Juvenile New Zealand falcons have a darker colouration and faint tail bars. The breast is brown and the abdomen is cream with fine brown streaks. The soft parts that become yellow are instead olive green, sky blue, or dull grey in adolescent falcons under 9 months old. The full adult plumage is reached by 16 months.

==Distribution and habitat==
The New Zealand falcon is only found in New Zealand.

The native habitat of the eastern falcons in the eastern and central South Island is open country and steppes, with nests on steep slopes or rock ledges. In native podocarp broadleaf forests of the North Island the bush falcon hunts at forest edges and nests in pre-existing tree structures such as epiphytes and tree cavities of mature trees, or on a sheltered ground area. The southern falcon is found in the Auckland Islands, Stewart Island, and Fiordland in forest habitats near oceans, with ecological similarities to the bush falcon rather than the closer eastern falcon.

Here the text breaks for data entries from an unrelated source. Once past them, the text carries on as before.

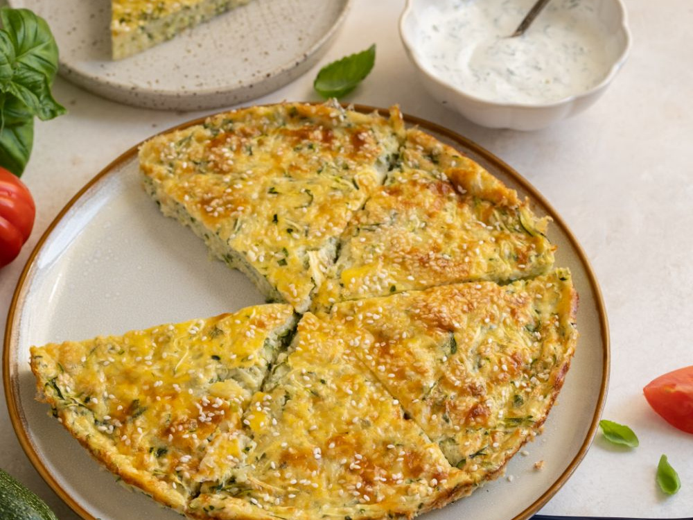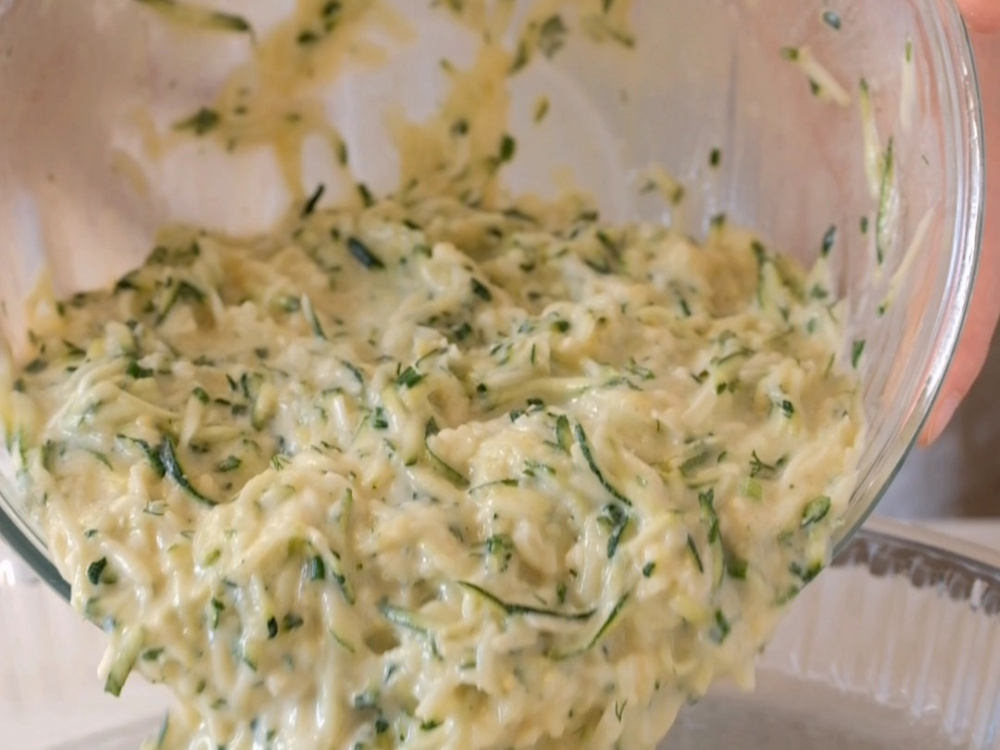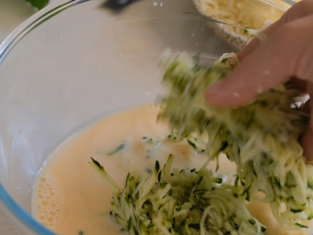 К яичной смеси добавляем кабачки, зелень (20 г) и большую часть натёртого сыра (100 г).
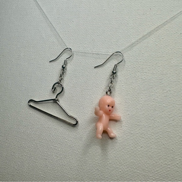 Unique earrings featuring a pink baby charm and a silver hanger charm. Perfect for adding a playful touch to any outfit.
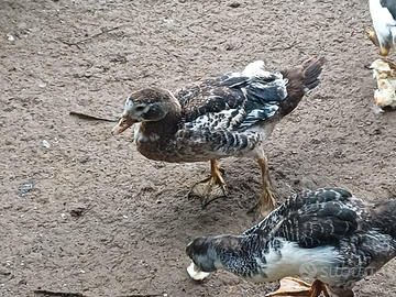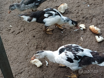 Anatre mute di 3/4 mesi sono allevate all aperto su distese di erba . Colorazioni bianca,blu/verde e bianca e anche alcune color cioccolato. Prezzo 20€ l una sia maschi che femmine.
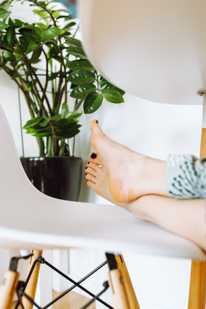 bare feet young woman lying on chair, next to flowerpot
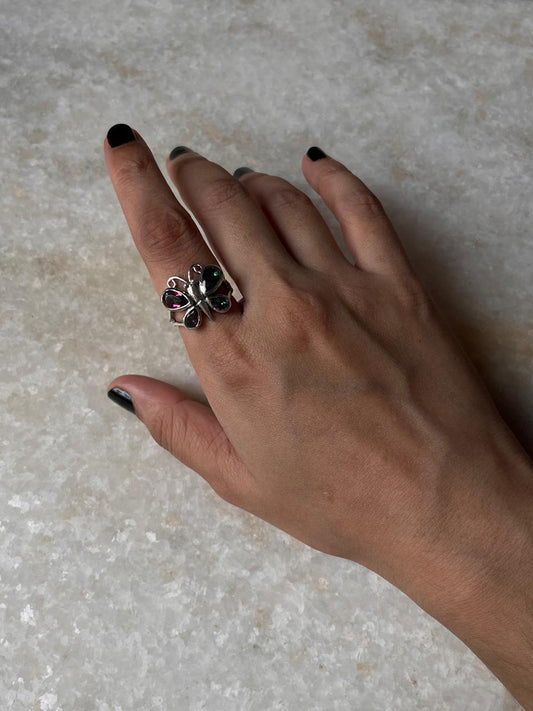 Mystic Topaz Butterfly 925 Sterling Silver Ring
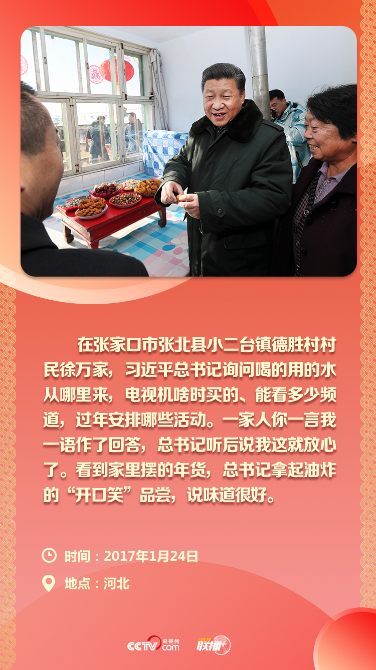 党的十八大以来,每到春节前夕,习近平总书记总是带着心中牵挂,深入到群众当中拉家常、问冷暖、听民声、送祝福。用老百姓的话说,“总书记没有一点架子,到家里就跟走亲戚一样”。
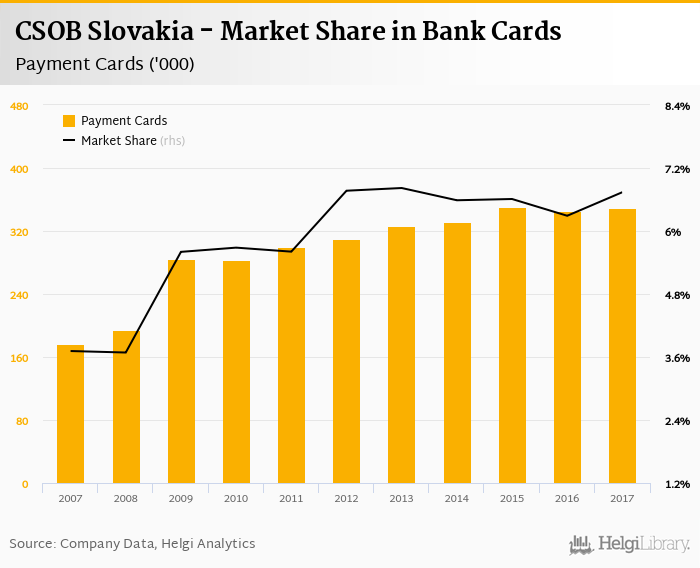 CSOB Slovakia therefore accounted for 6.74% of all bank cards issued by banks in Slovakia at the end of 2017. Historically, the bank’s market share in payment cards reached an all time high of 6.82% in 2013 and an all time low of 3.69% in 2008.
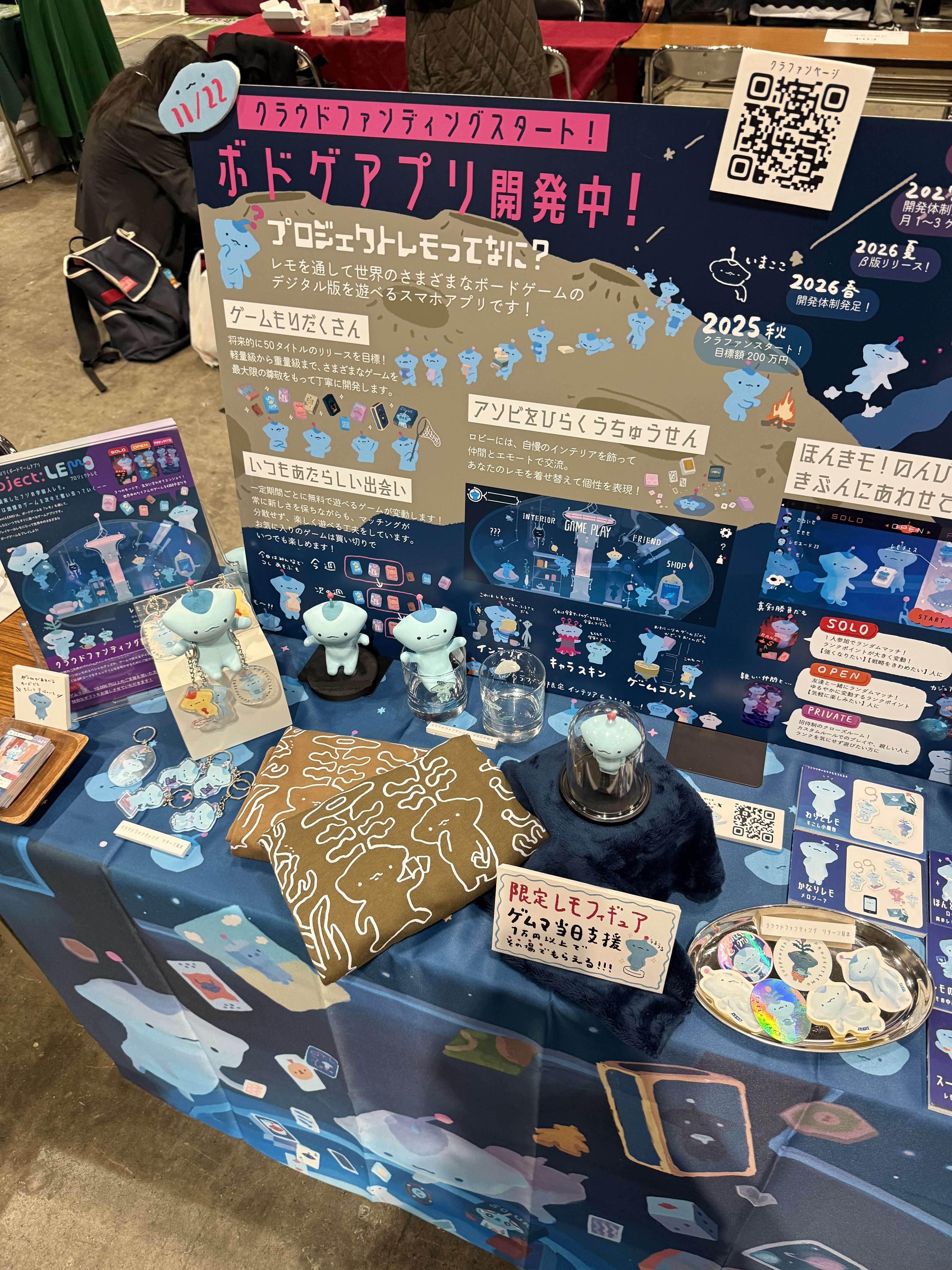 今回のイベントではボードゲームの販売ではなく、ファンディングを募る形式として出展させていただきました。それにもかかわらず数多くの人にレモを知ってもらい、レモの世界の一部を伝えることができました。

The native habitats of the New Zealand falcon have been reduced through human development of land for the purposes of agriculture, vineyards, forestry, and housing, impacting nest sites and prey abundance. The habitat range of the falcon has increased to include human-modified landscapes such as pine plantations in the North island and farmlands in the South Island. Falcons have been recorded living in or near exotic pine plantation stands since the 1990s, nesting in stands that are unplanted or less than 5 years old. Regeneration of other plants in older stands prevents the falcon from nesting on the ground. Eastern falcons in the South Island were translocated to vineyards in Marlborough and have been breeding successfully since 2006 with the help of supplementary feeding, hunting vineyard pests, and predator-proof nest sites.

==Ecology and behaviour==
The New Zealand falcon is a sedentary bird that spends most of its time within or close to its home range. The home range of a falcon varies, with calculations from 200 km^{2} to 15 km^{2}, with dependence on food availability. Outside of the breeding season solitary or pairs of falcons will use permanent sheltered roosts. The falcon will use a temporary roost during the breeding season if their nest site is far away from their permanent roost.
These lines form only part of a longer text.